European Interest

S&Ds lead drive to reject European services e-card

Flickr/European Parliament/CC BY-NC-ND 2.0

On March 21 the Socialists and Democrats scored a victory for social rights – according to a press release – after having successfully led the drive to reject the Commission’s proposal for an e-card in a vote in the internal market committee.

Aimed at making the cross-border provision of business and construction services easier and removing administrative burdens, the e-card would de facto establish the country of origin principle by undermining host-country control and enforcement tools, leading to more cross-border social fraud and dumping.

Virginie Rozière, S&D MEP and responsible for the e-card directive, said: “Today’s rejection of the e-card in the internal market committee is a victory for social rights and a strong signal to the European Commission that their ultra-liberal proposals will face strong opposition from the S&Ds. The Commission proposal, if adopted, would have been a disaster for our regulatory and social framework. Under the guise of facilitating the provision of cross-border services, the e-card would have paved the way for the return of the country of origin principle, by favouring states with low social coverage and regulatory requirements. Fortunately this rejection is a victory for social Europe. The EU should encourage fair competition between enterprises, but never social dumping between member states.”

Liisa Jaakonsaari, S&D MEP, responsible for the e-card regulation said: “Intended to make the provision of cross-border services easier by removing administrative burdens, the Commission’s proposal would have had the adverse effect. The e-card does not address any of the real barriers businesses face when they want to offer services in another member state. On the contrary, member states would have been burdened with additional administrative structures and legal uncertainty would have increased. If the Commission really wants to support businesses offering cross-border services, they should ensure that existing measures, such as the single points of contact, are implemented correctly. ”

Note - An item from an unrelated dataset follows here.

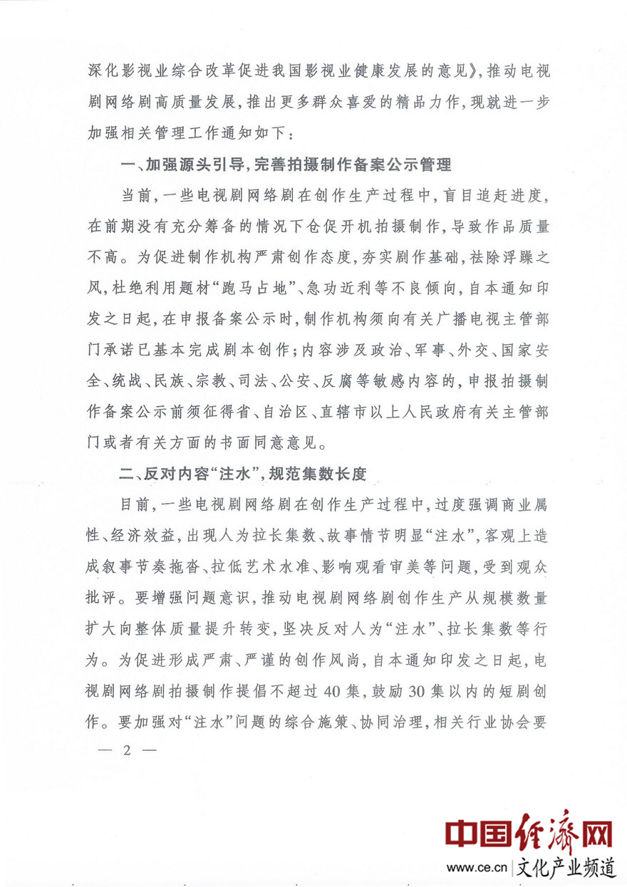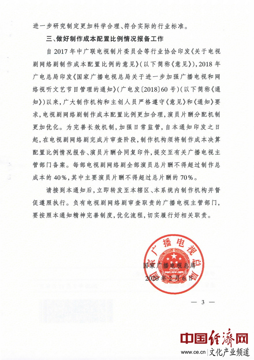 經(jīng)濟(jì)日報(bào)-中國經(jīng)濟(jì)網(wǎng)北京2月20日訊 近日,國家廣播電視總局下發(fā)了《進(jìn)一步加強(qiáng)電視劇網(wǎng)絡(luò)劇創(chuàng)作生產(chǎn)管理有關(guān)工作的通知》(廣電發(fā)﹝2020﹞10號(hào))。據(jù)經(jīng)濟(jì)日報(bào)-中國經(jīng)濟(jì)網(wǎng)文化產(chǎn)業(yè)頻道(微信號(hào):cewenhua)了解,該《通知》要求:一是加強(qiáng)源頭引導(dǎo),在申報(bào)備案公示時(shí),制作機(jī)構(gòu)須向省局承諾已基本完成劇本創(chuàng)作;二是反對內(nèi)容“注水”,電視劇網(wǎng)絡(luò)劇拍攝制作提倡不超過40集,鼓勵(lì)30集以內(nèi)短劇創(chuàng)作;三是做好制作成本配置比例情況報(bào)備工作。在電視劇網(wǎng)絡(luò)劇完成片審查階段,制作機(jī)構(gòu)須將制作成本決算配置比例情況報(bào)告、演員片酬合同復(fù)印件,提交至省局備案。每部電視劇網(wǎng)絡(luò)劇全部演員總片酬不得超過制作總成本的40%,其中主要演員片酬不得超過總片酬的70%。>>>更多政策可查看中國經(jīng)濟(jì)網(wǎng)“中國文化產(chǎn)業(yè)政策庫”

The Commission’s two proposals for a Regulation and Directive provide a framework for the introduction of a European Services e-card, which aims at making cross-border provision of business and construction services easier, removing administrative burden and thus enhancing competition. The title of the proposal is slightly misleading insofar as no an actual e-card would be introduced, but rather an EU-wide common electronic procedure using the IMI-system. The e-card would be a voluntary tool for the enterprises – the member states however would be obliged to introduce the system if the proposal were to be adopted.